Prompt
Beneath this line sits some data. Return only its lines from the one holding "-valrt /var/run/cloudera-scm-agent/process |" through the one holding "Hộp giấy xếp", inclusive, exactly, with the images removed.

Records supplied
════════

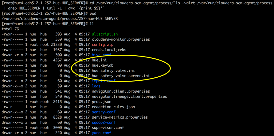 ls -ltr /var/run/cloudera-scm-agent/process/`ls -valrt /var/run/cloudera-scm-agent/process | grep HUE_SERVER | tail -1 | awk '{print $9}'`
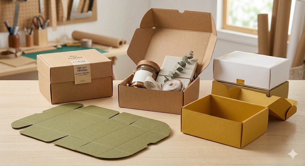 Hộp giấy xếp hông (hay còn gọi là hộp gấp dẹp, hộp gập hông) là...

════════

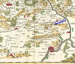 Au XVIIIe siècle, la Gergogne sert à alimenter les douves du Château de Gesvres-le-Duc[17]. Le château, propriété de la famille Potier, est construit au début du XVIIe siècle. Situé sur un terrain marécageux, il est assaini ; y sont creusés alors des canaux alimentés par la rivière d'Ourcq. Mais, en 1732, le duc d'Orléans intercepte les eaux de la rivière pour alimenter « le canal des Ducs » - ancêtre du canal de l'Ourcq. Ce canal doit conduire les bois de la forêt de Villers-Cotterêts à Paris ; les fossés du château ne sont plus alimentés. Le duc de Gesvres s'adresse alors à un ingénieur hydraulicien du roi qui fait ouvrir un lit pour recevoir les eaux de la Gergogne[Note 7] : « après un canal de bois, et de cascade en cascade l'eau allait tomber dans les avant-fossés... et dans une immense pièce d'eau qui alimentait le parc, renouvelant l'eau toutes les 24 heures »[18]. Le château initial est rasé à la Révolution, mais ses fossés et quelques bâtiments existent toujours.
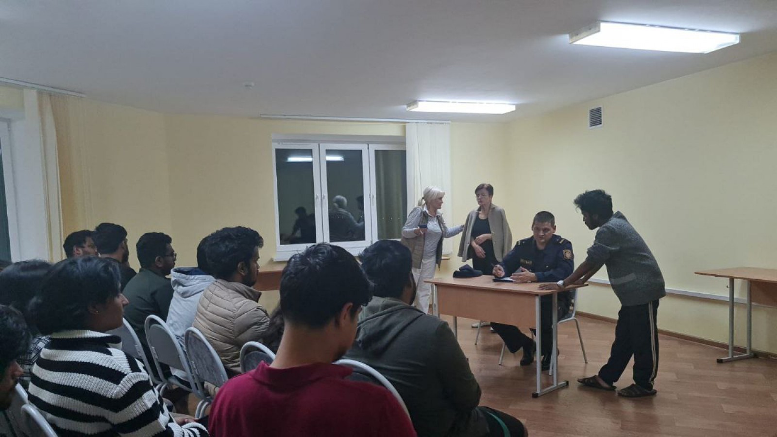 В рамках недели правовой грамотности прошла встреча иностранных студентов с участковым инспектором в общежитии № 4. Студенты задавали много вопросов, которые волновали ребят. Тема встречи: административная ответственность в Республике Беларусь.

════════

Answer space
 ls -ltr /var/run/cloudera-scm-agent/process/`ls -valrt /var/run/cloudera-scm-agent/process | grep HUE_SERVER | tail -1 | awk '{print $9}'`
 Hộp giấy xếp hông (hay còn gọi là hộp gấp dẹp, hộp gập hông) là...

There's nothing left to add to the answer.